Shah, who said she deeply regretted her remarks, resigned as an aide to the shadow chancellor, John McDonnell, after a number of posts made before she was elected surfaced from Facebook.

The MP, who won the seat for Labour from Respect MP George Galloway in 2015, used a point of order in the House of Commons to apologise for what she had posted. “Antisemitism is racism, full stop,” she said. “As an MP, I will do everything in my power to build relations between Muslims, Jews and people of different faiths and none.”

She also published an opinion piece in the Jewish News, saying she wanted to make “an unequivocal apology for statements and ideas that I have foolishly endorsed in the past”.

Despite initially backing the MP after her apology, the Labour leader, Jeremy Corbyn, suspended her from the party in April pending an investigation, stripping her of the parliamentary whip and preventing her from undertaking any party activity.

During the height of the Israeli offensive in Gaza two years ago, Shah shared a picture that showed the state of Israel being relocated to the US, adding the caption “problem solved”.

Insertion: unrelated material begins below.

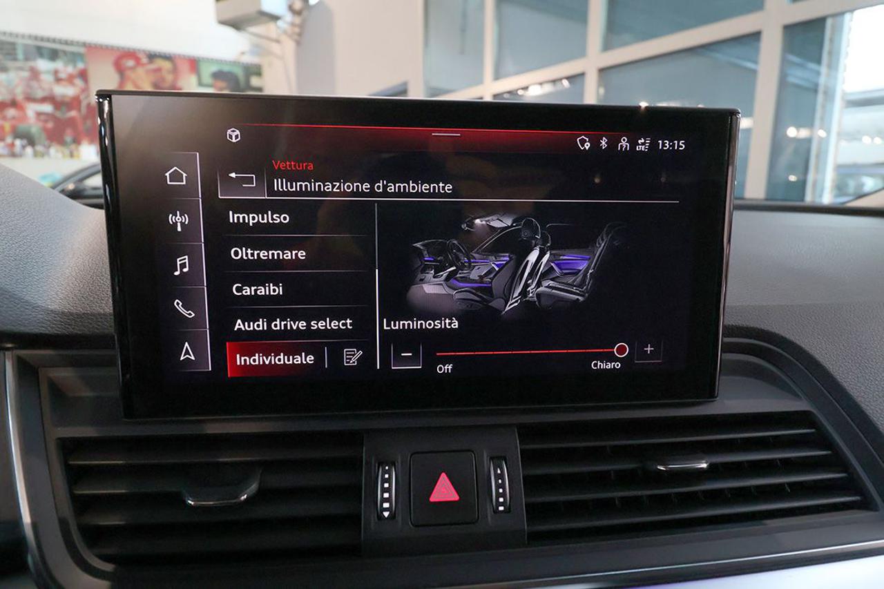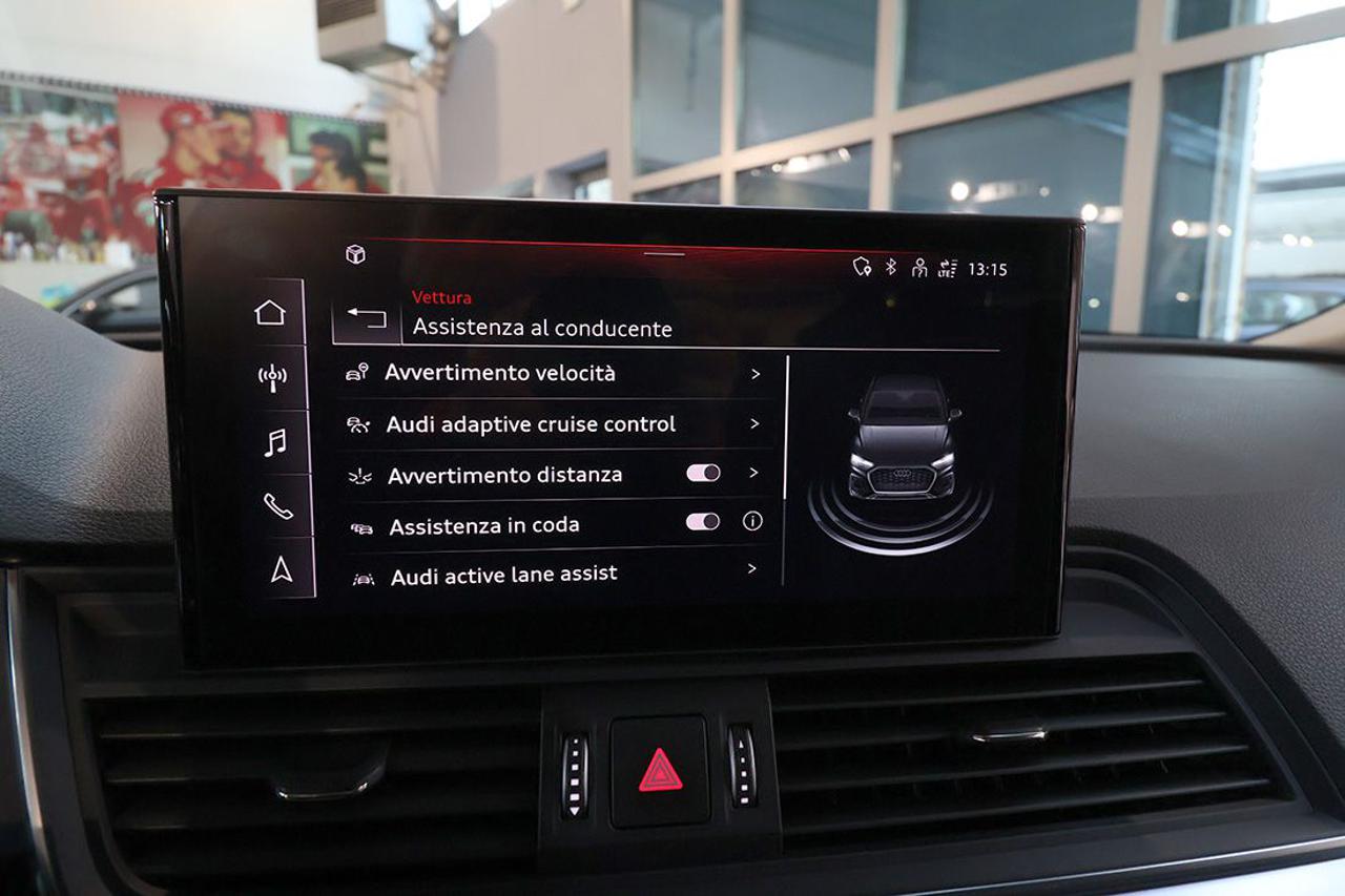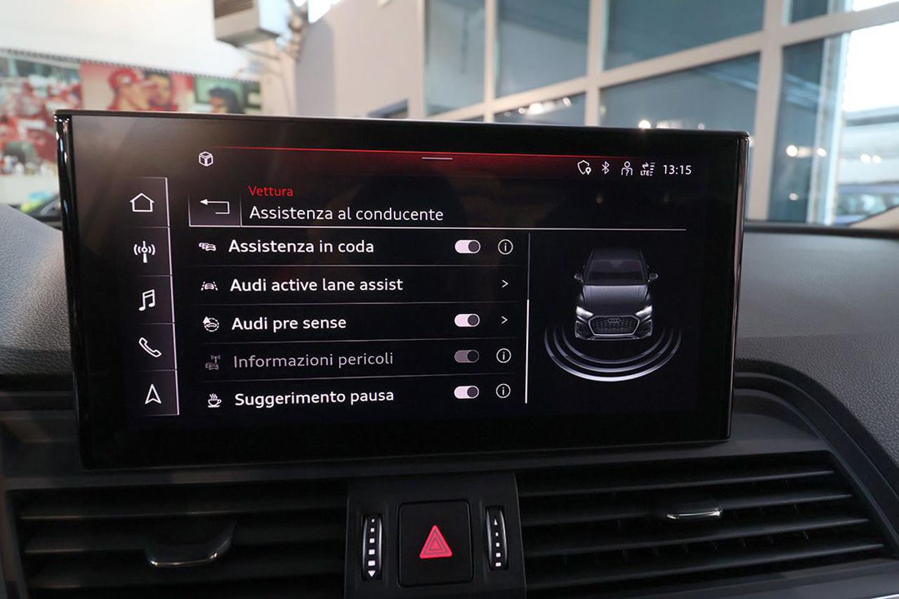 Cambio automatico S-Tronic Adaptive Cruise Control Appoggiabraccia centrale anteriore Comfort Assetto sportivo Assistente al parcheggio Assistenza alla partenza Audi Active Lane Assist Audi connect Navigation & Infotainment plus Audi Drive Select Audi Pre-Sense Audi Smartphone Interface Audi Soundsystem Audi Virtual Cockpit plus Bracciolo posteriore con dispositivo per il carico passante Cerchi in lega 20" Audi Sport 5 razze a V in nero antracite, torniti a specchio Chiave comfort con sbloccaggio portellone vano bagagli tramite sensori Climatizzatore automatico Comfort a 3 zone Collision Avoid Assist Dispositivo di assistenza per proiettori abbaglianti Impianto Bluetooth Ingresso USB Lavafari Listelli sottoporta anteriori in alluminio con logo S line, illuminati Mancorrenti al tetto neri Navigatore satellitare MMI Plus con MMI Touch Pacchetto assistenza Tour Pacchetto esterno lucido nero plus Pacchetto luci ambiente plus Pacchetto S-Line exterior Pedane laterali esterne in acciaio inossidabile con inserti in gomma antiscivolo Portellone vano bagagli ad apertura e chiusura elettrica Prese USB per i passeggeri posteriori Proiettori Audi Matrix con gruppi ottici posteriori a LED Radio digitale DAB Retrovisori esterni ed interno autoanabbaglianti Retrovisori esterni ripiegabili elettricamente e riscaldabili Riconoscimento della segnaletica stradale basato su telecamera Sedili anteriori climatizzati Sedili anteriori regolabili elettricamente Sedili anteriori riscaldabili elettricamente Sedili posteriori plus Sedili sportivi Sensore luci Sensore pioggia Sistema di ausilio al parcheggio Plus, anteriore e posteriore Sistema di controllo pressione pneumatici Sistema di controllo velocità in discesa Sistema Isofix con disattivazione airbag passeggero Sistema per la chiamata di emergenza Streaming audio Bluetooth Supporto lombare elettrico Telecamera posteriore Telecamere a 360° Traffic Jam Assist Turn Assist Verniciatura completa per paraurti Vetri laterali anteriori acustici Vetri posteriori e lunotto oscurati Voice control Volante sportivo multifunzione Plus con bilanceri

In another controversial post, the MP urged followers to vote in an online poll about the Gaza war, claiming the result was skewed because “the Jews are rallying to the poll”.

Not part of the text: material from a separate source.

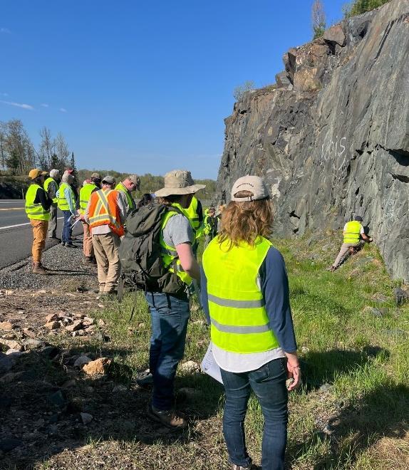 The Southern Complex is composed of ‘dome-and-keel’ type structures that are characterized by elongate domes of Archean basement surrounded by keels of Paleoproterozoic strata of the Marquette Range Supergroup. The rocks observed here are representative of the magmatic, metamorphic, and structural evolution of the Southern Complex with regards to the unique geologic history of the surrounding area. After brief safety talks and geologic interpretations at each of the roadside stops, the group of geologists were able to do what they do best. To help identify minerals in the rock, participants were equipped with rock hammers, safety glasses, hand lenses, and high visibility vests. This essential combination of tools ultimately meant that there was not a single, publicly accessible rock that was left unidentified by this group of geologists (Figure 2).

Jeremy Newmark, chair of the Jewish Labour Movement, said he welcomed the lifting of Shah’s suspension. “She has proven herself to be a bold and courageous agent of change at a time when strong leadership on this issue is so important,” he added.

The Board of Deputies of British Jews said there was a clear demarcation between Shah and several others, including Ken Livingstone, who had been suspended by Labour for alleged antisemitism.

“Naz Shah stands out as someone who has been prepared to apologise to the Jewish community at a local and national level, and make efforts to learn from her mistakes,” a spokesperson said. “In that regard, her reinstatement today seems appropriate and we would hope for no repeat of past errors.”

Concerns over antisemitism within Labour led Corbyn to commission an independent report by Shami Chakrabarti, former director of human rights organisation Liberty, which was released last week and recommended some changes to party procedures.

But the event that launched the report was somewhat marred after the Labour leader said Jews were “no more responsible for the actions of Israel” than Muslims were for the “various self-styled Islamic states or organisations”.

Corbyn had intended to refer to states of an Islamic character, giving the examples of Saudi Arabia, Pakistan, Iran or Hamas in Gaza, but was widely reported to have compared Israel to terror group Islamic State.

On Monday the Labour leader told the home affairs select committee, which is conducting its own investigation, that it would have been better “in hindsight” had he referred to “Islamic countries”.

Corbyn said that appropriate action had been taken by the party’s compliance unit after allegations of antisemitism and fewer than 20 activists had been suspended while their cases were investigated.